Mar. 30th, 2007

lady_schrapnell: (Default)
I've never participated in Poetry Friday (though I enjoy reading other people's contributions), and am not really doing so now, but have had the words of this poem going through my head for the last little while, so will spill them out before giving my last word on the Green Man Review debacle. (Unless GMR decides to sue us next for daring to protest publicly!)

To a Child Dancing in the Wind (by W.B. Yeats)

Dance there upon the shore;
What need have you to care
For wind or water's roar?
And tumble out your hair
That the salt drops have wet;
Being young you have not known
The fool's triumph, nor yet
Love lost as soon as won,
Nor the best labourer dead
And all the sheaves to bind.
What need have you to dread
The monstrous crying of wind?


Rather amazing, now I think of it, that I learned this when I was - yikes, this was Inter Cert - so, I was no more than 14. We did a big chunk of Yeats' poetry for Inter and Leaving Certs and there were plenty of the bitter old man poems, and I even loved those.

Also found this though, which I would possibly have to take as advice to me, were I to buy it as valid advice to anyone!
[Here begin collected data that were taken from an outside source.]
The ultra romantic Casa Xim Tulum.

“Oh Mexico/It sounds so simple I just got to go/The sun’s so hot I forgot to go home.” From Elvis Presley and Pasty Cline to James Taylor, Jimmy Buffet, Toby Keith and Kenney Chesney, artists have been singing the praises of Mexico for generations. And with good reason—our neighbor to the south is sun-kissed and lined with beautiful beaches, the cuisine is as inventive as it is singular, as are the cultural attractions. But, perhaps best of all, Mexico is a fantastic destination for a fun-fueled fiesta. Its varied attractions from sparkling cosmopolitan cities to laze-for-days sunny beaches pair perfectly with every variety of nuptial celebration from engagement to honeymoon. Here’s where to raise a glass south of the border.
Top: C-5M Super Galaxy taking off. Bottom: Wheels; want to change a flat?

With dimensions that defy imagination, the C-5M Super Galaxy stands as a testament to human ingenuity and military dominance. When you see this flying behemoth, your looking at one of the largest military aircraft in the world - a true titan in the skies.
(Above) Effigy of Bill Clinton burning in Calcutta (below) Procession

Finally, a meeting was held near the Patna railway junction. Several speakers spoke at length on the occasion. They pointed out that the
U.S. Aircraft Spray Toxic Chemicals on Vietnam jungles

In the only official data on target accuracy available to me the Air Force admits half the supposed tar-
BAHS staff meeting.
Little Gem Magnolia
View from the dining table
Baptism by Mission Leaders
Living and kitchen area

An intellectual hatred is the worst,
So let her think opinions are accursed.


(That's from 'A Prayer for my Daughter'.)

Anyway, the last word(s):

1. In the interests of being (possibly excessively) scrupulous, I will say that I did not use the email address given for submitting letters to GMR. I addressed my letter to a senior member of staff (at the GMR address) as I knew his name from another source. I can't remember now if it was only letters for publication which were to be addressed to a specific email, but there was definitely an invitation to send letters not for publication as well.
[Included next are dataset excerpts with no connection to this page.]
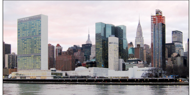
View from Roosevelt Island to the UN headquarters in New York.

The joint US-Israeli attacks were described by Trump as necessary because Iran “rejected every opportunity to renounce their nuclear ambitions, and we can’t take it anymore”. This is of course a flat lie. As the letter of 16 February recounted, Iran agreed a decade ago to a nuclear deal, the Joint Comprehensive Plan of Action 2 (JCPOA) that was adopted by the UN Security Council in Resolution 2231. It was Trump who ripped up the agreement in 2018. In June 2025, Israel bombed Iran in the midst of US-Iran negotiations. This time too, the Israel-US war plans were set weeks ago when Netanyahu met with Trump, and the negotiations underway between the US and Iran were a charade. This seems to be the new modus operandi of the US: start negotiations and then aim to murder the counterparts.
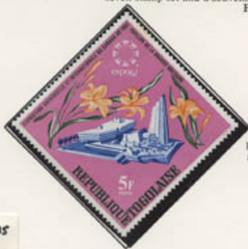
British Pavilion and Day Lilies
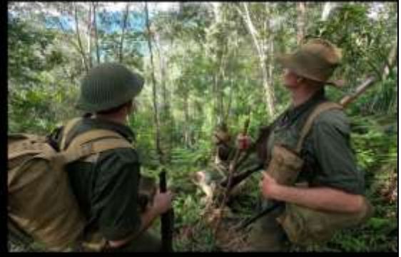
Towards the Owen Stanley Range
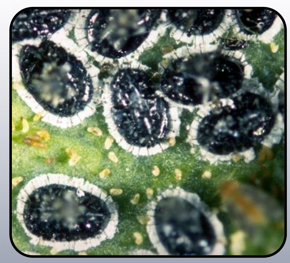
Image Credit: M.A. van den Berg, Institute for Tropical and Subtropical Crops, Bugwood.org # UGA1263006
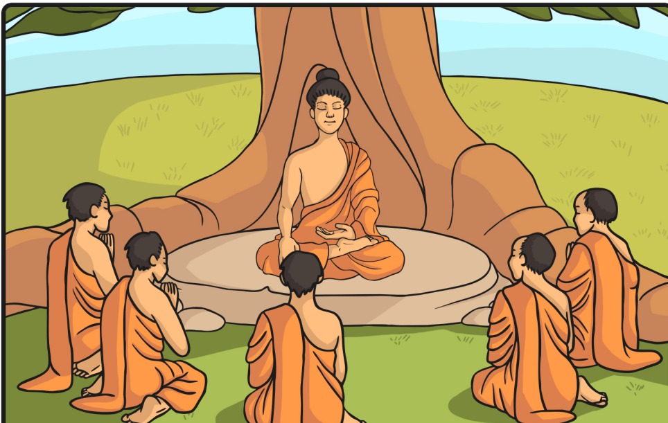
He began to teach people about what he had realised and people began to call him Buddha or 'teacher'. He taught them the Four Noble Truths.
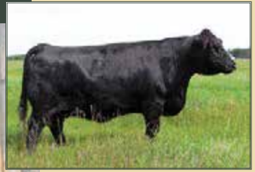
Dam: LFE Ready To Tango 609S
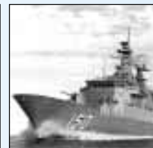
More defence funding
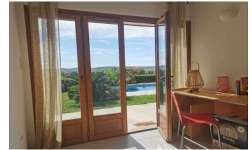
Study with access to garden
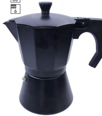
41419 Black - 9 Cup
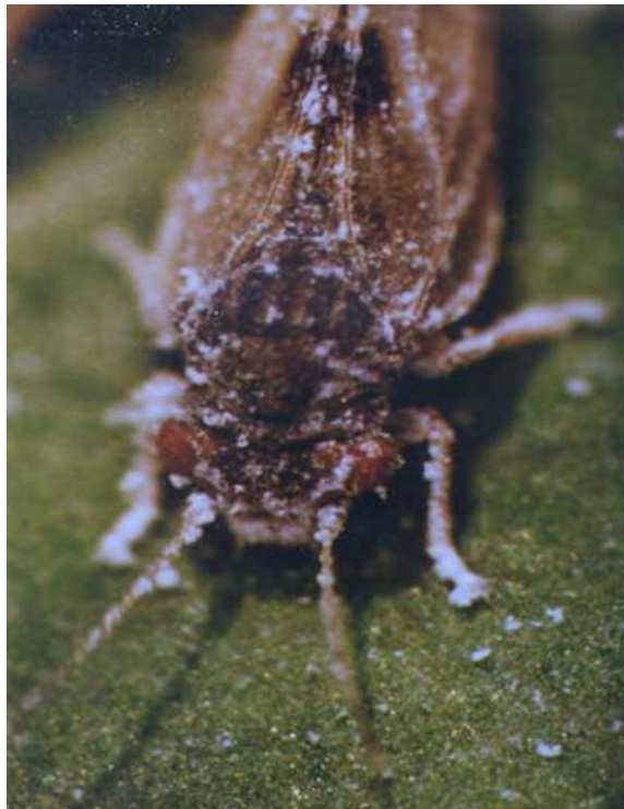
Fig. 10. C. pyri adult with body soiled by kaolin.
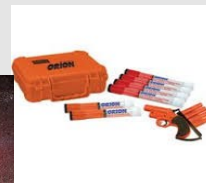
MARINE AND ROAD FLARES
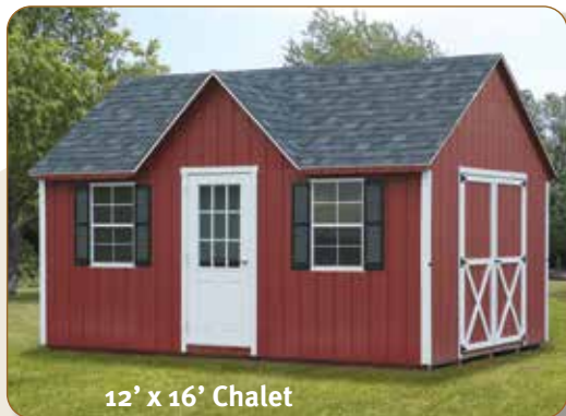
12' x 16' Chalet

Premium Series CUSTOM BUILT HIGH QUALITY
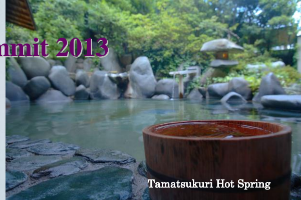
Tamatsukuri Hot Spring
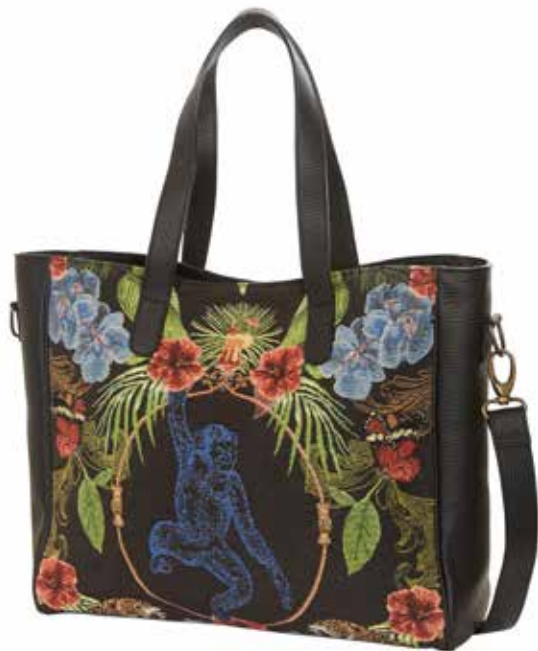
Shopper Zaru blue Gobelin with leather 37x30x12cm
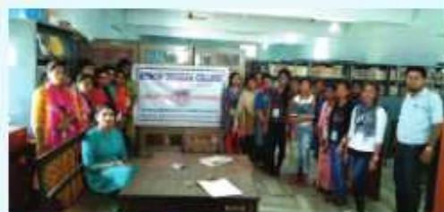
Library reading room service
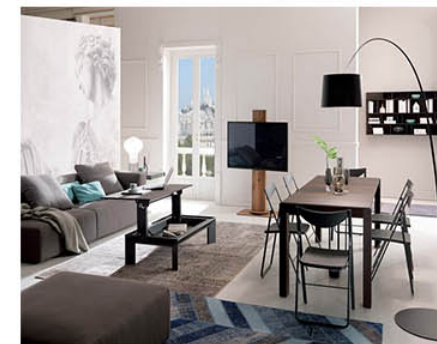
Metrino Coffee Table For (68 x 117)

Convertible table in 2 heights (32 cm > 65 cm), metalframe, wooden top, self-braking gas lifting mechanism.
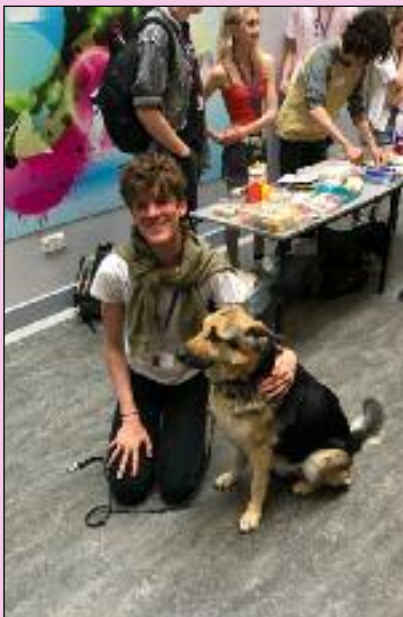
SPECIAL GUEST: Retired Hero was the star attraction at the Sixth Form fund-raiser for Guide Dogs UK.
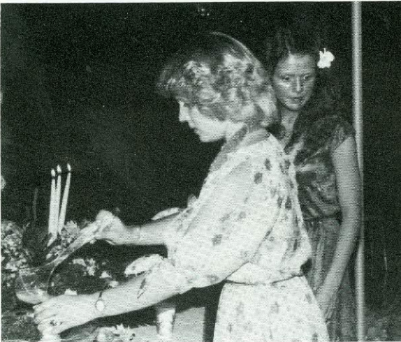
Servers enjoy their first prom.
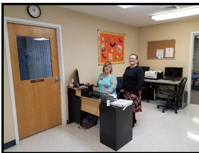
Ramsey Public Library staff on Go Live day!
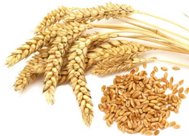
Fig 2.4: Wheat

Wheat is milled to produce flour which is used to make a variety of products including bread across the world. Wheat contains a protein called gluten which is necessary for the basic structure in forming the dough system for bread, rolls and other
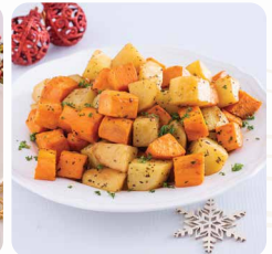
Roasted Potato Medley $33.80
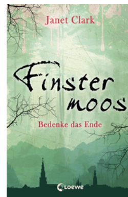
Finstermoss – Reflect Upon the End (Vol. 4)
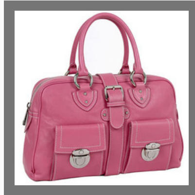
Designer Top Handle Bags
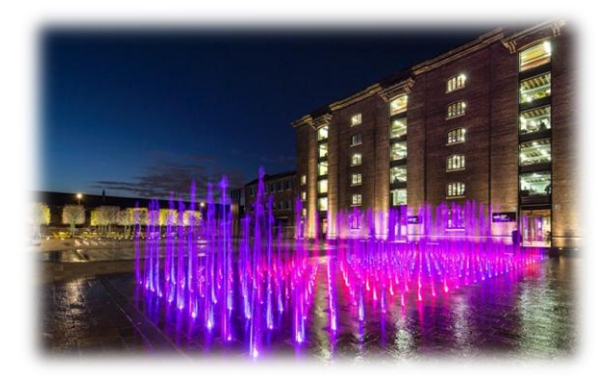
Figure 17 Dry Deck Fountain

2. What [livejournal.com profile] steepholm has quoted is the entire reply I received, not the reply with the 'Dear ...' or any other gesture at politeness removed. I hope I hardly need say that my letter was polite, but I'll do so anyway. (It was also less emotional than my post on the review.)
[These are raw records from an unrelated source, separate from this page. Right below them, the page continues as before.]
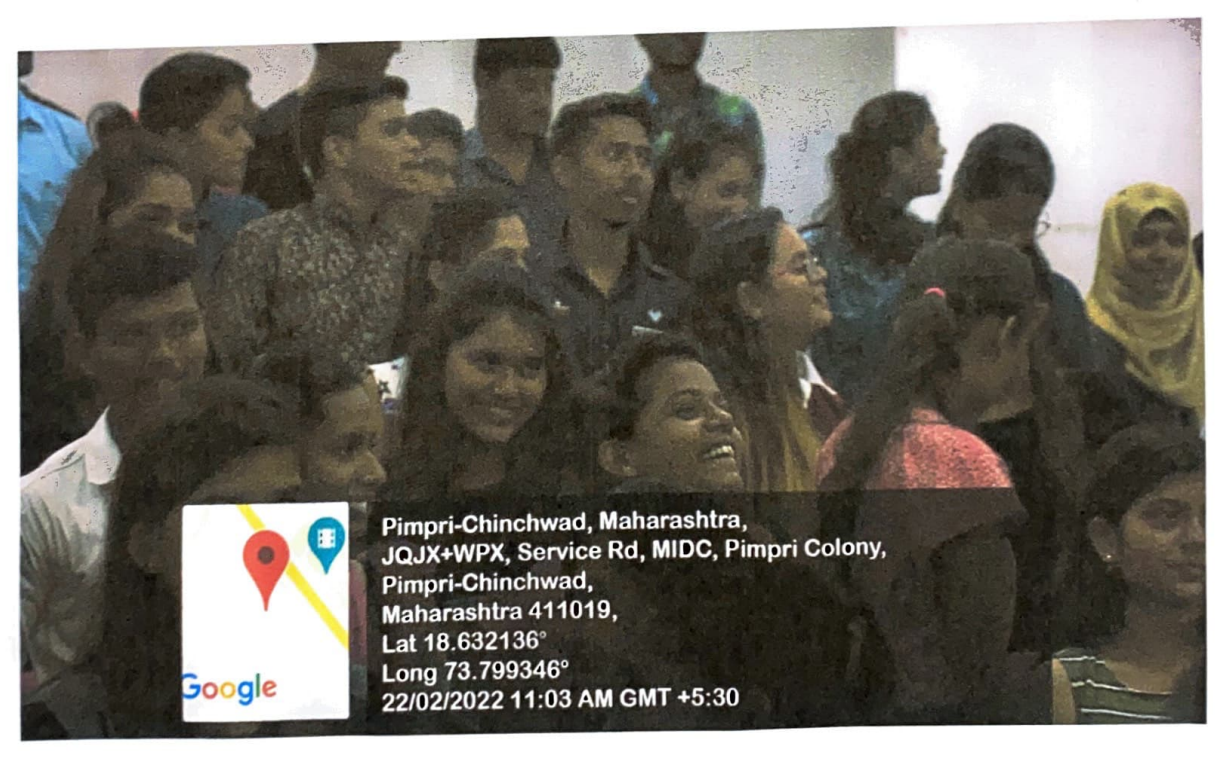
Guest Lecture 2021-22
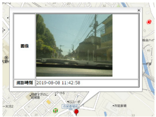
Fig. 4 A display example when a marker is clicked
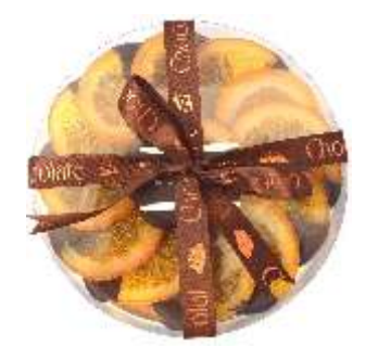
Whole candied orange slices in dark chocolate CODE: DIPOLD
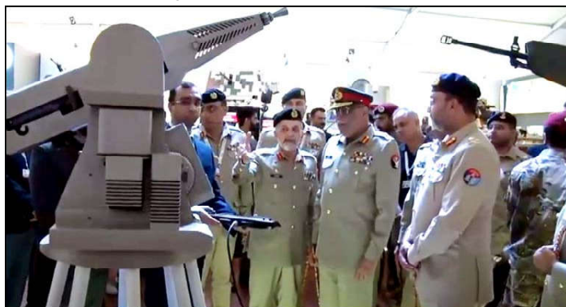
KARACHI: Chairman Joint Chiefs of Staff Committee General Sahir Shamsad Mirza visiting 12th International Defence Exhibition and Seminar-24 at Expo Center

"We are left with no choice but to protest like a living nation," Imran remarked, adding that the November 24 rally will see participation from Pakistanis abroad who enjoy freedom in other countries. He asserted that negotiations would continue, though he expressed doubts about the government's seriousness.
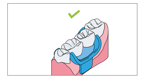
The DMG MiniDam stays in place securely without clamps.
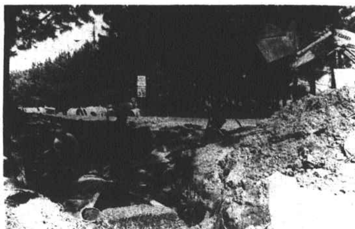
DIGGING -- Traffic on Bethel Rd. at the high school slowed as cars had to maneuver their way around workmen digging the drainage for the nearby residential area.
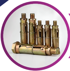
Rawl Bolt Fastener
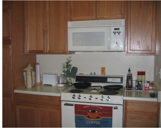
Figure 4 A modern suburban apartment kitchen in California

Inspired by the functionalist models of the 1920s and 1930s, the open design of the modern American kitchen features built-in cabinets and modern appliances flush with each other and the walls. This provides a uniform visual aesthetic characteristic of contemporary suburban apartment kitchens in the U.S. Mass-produced housing, with its standard interior design, became a cost-effective design solution during the post-war years. This led to the creation of communities with virtually identical kitchen designs throughout the United States. 8 In the interiors of these spaces, turning in any direction, one encounters the same spatiality, with every activity area clearly
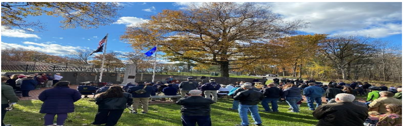
Our Veteran's Day ceremony had over 175 community members attend to honor our Veteran's
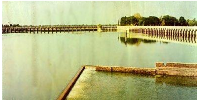
Grand Anicut Dam on river Caveri (1st-2nd Century CE) is one of the oldest water-regulation structures in the world still in use.

Despite some stagnation during the later modern era the independent Republic of India was able to develop a comprehensive agricultural program.
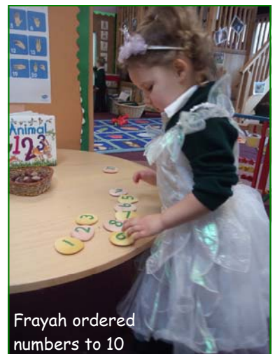
Frayah ordered numbers to 10
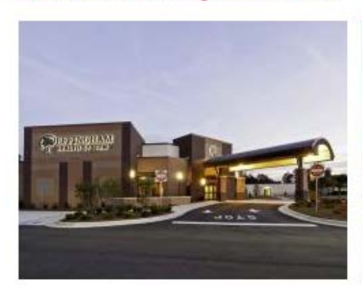
JE Dunn Construction Company Effingham Hospital Springfield
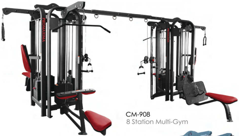
CM-908 8 Station Multi-Gym

3. Steepholm made the point that I was not questioning the fact that it was a negative review in my letter. I'd also like to say as clearly as I can that he is the last person on earth to get nasty about getting a negative review. But this is my LJ so I'm going to do it by telling a story.

A few years ago, when I'd only known him a short time, I sent a copy of Charlie's Calypso Dreaming off on a BookCrossing Ray. The first reader (living in a town called Butler, which still tickles me) loved it, as did her son. Not everyone did, as happens. I rather hoped he wouldn't see the negative journal entry but of course he did. At the same time, he'd received word that both Susan Cooper and Diana Wynne Jones had provided wonderful quotes for the cover of his The Fetch of Mardy Watt, and had written telling me about it. This was what he wrote in response to my saying how fantastic it was, after agreeing that he was indeed thrilled:

Meanwhile my feet are kept firmly on the ground by [BookCrosser] - yes, I've been looking in your bookray from time to time - calling Calypso 'weird and disjointed'. Like that was a bad thing? :-)

Had the GMR been negative but fair and competent, I can absolutely guarantee that there would never have been the slightest murmur of protest in public from him.